There are numerous thyroid disorders. Hypothyroidism is a pathophysiological phase with insufficient hormone production, resulting in an imbalance in basal metabolic rate and inefficient physiological roles of the body systems (1). Hypothyroidism might be clinical/overt, with an elevation in the thyroid-stimulating-hormone (TSH) and low levels of free T₄ (fT₄), or subclinical, with normal levels of fT₄ and elevated serum TSH (5).

The prevalence of subclinical hypothyroidism in adults is 4–20%, depending on such factors as race, age, and ethnicity. Subclinical hypothyroidism has various causes, including chronic autoimmune thyroiditis, iodine deficiency, etc. The disorder is related to antithyroid peroxidase antibodies in about 60–80% of cases.
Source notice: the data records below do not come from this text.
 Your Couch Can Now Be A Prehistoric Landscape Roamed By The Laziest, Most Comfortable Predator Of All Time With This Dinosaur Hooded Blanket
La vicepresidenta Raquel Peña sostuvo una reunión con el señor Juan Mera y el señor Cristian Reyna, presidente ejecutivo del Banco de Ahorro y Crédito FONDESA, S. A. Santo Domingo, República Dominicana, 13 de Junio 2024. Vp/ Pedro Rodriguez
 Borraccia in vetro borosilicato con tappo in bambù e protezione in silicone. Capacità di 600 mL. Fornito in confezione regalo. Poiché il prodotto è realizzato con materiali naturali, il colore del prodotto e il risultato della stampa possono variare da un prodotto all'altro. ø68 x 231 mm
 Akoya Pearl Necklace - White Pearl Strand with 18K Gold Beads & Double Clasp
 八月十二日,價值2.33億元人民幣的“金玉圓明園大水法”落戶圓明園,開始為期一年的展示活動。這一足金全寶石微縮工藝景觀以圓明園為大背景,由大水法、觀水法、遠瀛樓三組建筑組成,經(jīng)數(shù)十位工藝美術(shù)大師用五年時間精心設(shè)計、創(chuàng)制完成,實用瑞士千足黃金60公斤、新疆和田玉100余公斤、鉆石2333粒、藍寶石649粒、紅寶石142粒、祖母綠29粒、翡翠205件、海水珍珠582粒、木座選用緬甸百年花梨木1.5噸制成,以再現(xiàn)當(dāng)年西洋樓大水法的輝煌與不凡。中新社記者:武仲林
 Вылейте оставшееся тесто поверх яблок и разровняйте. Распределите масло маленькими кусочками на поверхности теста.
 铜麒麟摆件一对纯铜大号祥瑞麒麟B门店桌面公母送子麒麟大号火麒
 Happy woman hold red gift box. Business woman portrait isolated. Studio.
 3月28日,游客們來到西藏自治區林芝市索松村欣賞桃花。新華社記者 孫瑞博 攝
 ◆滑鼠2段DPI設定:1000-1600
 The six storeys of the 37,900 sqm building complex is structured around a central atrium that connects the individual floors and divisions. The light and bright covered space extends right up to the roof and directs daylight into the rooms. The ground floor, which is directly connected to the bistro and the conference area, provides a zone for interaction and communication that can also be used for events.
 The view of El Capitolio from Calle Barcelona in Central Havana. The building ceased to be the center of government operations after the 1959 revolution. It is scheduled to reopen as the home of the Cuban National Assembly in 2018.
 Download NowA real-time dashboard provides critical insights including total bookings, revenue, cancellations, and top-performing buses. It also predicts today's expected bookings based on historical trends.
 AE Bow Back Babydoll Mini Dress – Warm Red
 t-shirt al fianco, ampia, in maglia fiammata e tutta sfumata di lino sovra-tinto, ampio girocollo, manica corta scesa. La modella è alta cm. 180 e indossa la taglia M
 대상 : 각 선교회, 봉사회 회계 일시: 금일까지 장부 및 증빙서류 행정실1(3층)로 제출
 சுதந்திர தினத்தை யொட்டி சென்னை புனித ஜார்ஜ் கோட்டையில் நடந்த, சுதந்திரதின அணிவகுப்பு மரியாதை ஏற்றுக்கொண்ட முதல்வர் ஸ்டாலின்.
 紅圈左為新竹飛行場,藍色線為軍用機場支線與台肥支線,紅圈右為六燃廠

Subclinical hypothyroidism patients have few signs and symptoms. The presence of antithyroid peroxidase antibodies and female gender are linked with an enhanced risk of progression to overt hypothyroidism. Those with TSH levels higher than 10 mIU/L should be treated, and L-thyroxine is the common treatment in overt hypothyroidism (6).

Vitamin D is a fat-soluble vitamin effective in reducing the risk of chronic diseases, such as bone metabolic disorders, type 2 diabetes mellitus (T2DM), cardiovascular diseases, autoimmune diseases, and hypothyroidism (7–9). Vitamin D mediates its influence via binding to the vitamin D receptor (VDR) and activating the gene response in different cells such as thyroid follicular cells (10). There is a strong homology between the VDR molecular structure and the thyroid hormone receptor (11).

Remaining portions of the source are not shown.